In the ACF plot we notice that the residuals do not contain the seasonality, as we have succesfully captured this in the model. However the residials are still showing correlation over time, at lag 1-4.

3 Compare the fit of the models

The second model clearly fits the observed data better as it accounts for both the trend and seasonal nature of the data. It has a higher \(R^2\), and all the predictors are significant.
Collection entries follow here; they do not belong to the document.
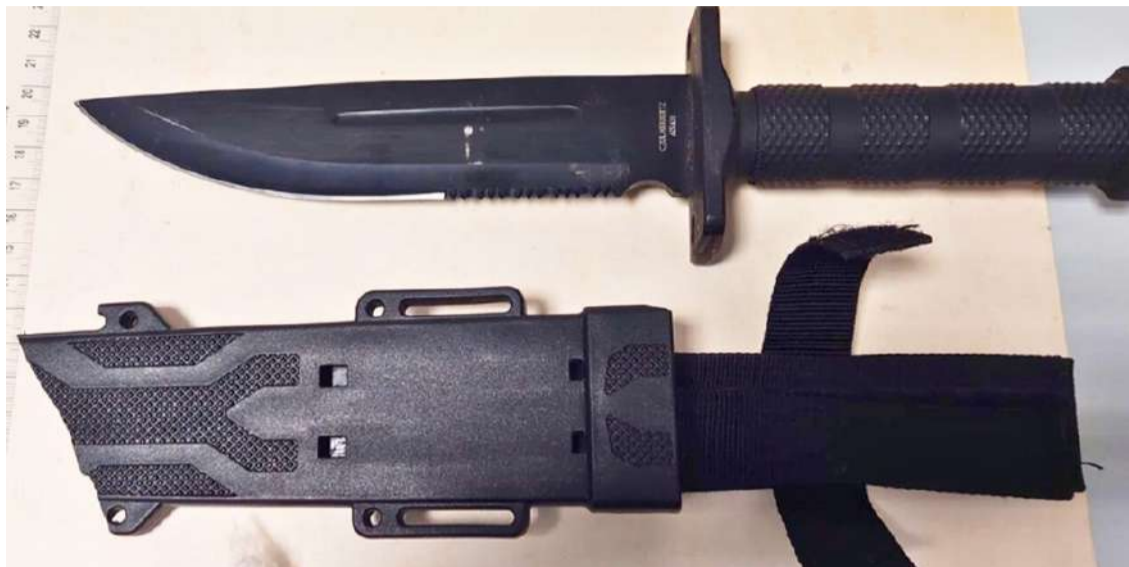
Apreensões feitas pela GNR na Praia da Areia Branca

Um homem de 36 anos foi detido por posse de arma proibida, na Praia da Areia Branca, no concelho da Lourinhã, no passado dia 11.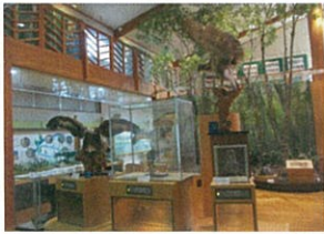
県民の森の雑木林を実物そっくり再現されていました。

11月18日(水)に『ふらっと』利用者さんとスタッフの合計9名で、岩手県民の森にある森林ふれあい学習館『フォレストアイ』を見学してきました。『フォレストアイ』の建物や床材、ホールの椅子や家具までが県産材のカラマツやアカマツを使用しているそうです。木の良さや素晴らしさを体験できる素敵な施設でした。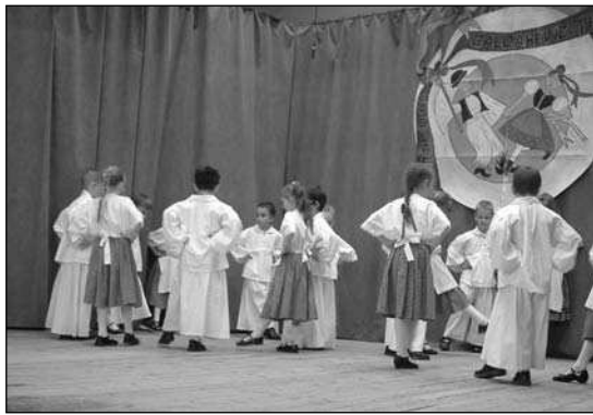
Szada Napközi Otthonos Óvoda Gomba Csoport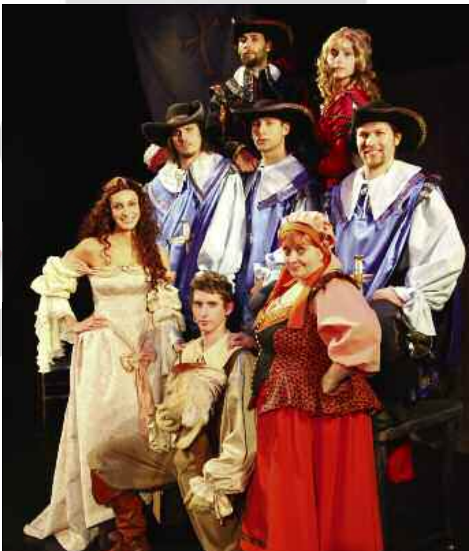
Představení Tři Mušketýři můžete vidět v úterý 22. září.

Neither of the models satisfy all of the fundemental assumptions of least squares regression as the error terms were correlated with the past error terms.

4 Forecast 2011

t.new <- seq(2011,2012,length=13)[1:12] # Intoducing new time for forecatsting 
t2.new <- t.new^2
month.new <- factor(rep(1:12)) # Introducing the seasonal value for forecasting

new <- data.frame(t=t.new, t2=t2.new, month=month.new) # Putting the values for forecasting into a dataframe
pred <- predict.lm(reg1,new,interval='prediction') # Computing the prediction as well as prediction interval

par(mfrow=c(1,1))
plot(sales,xlim=c(1999,2012),ylim=c(0,60),main = "2011 Forecast") #plotting the data

abline(v=2011,col='blue',lty=2) # adding a vertical line at the point where prediction starts
lines(pred[,1]~t.new,type='l',col='red')# plotting the predict
lines(pred[,2]~t.new,col='green') # plotting lower limit of the prediction interval
lines(pred[,3]~t.new,col='green') # plotting upper limit of the  prediction interval

We can see the predictions and corresponding 95% prediction intervals above.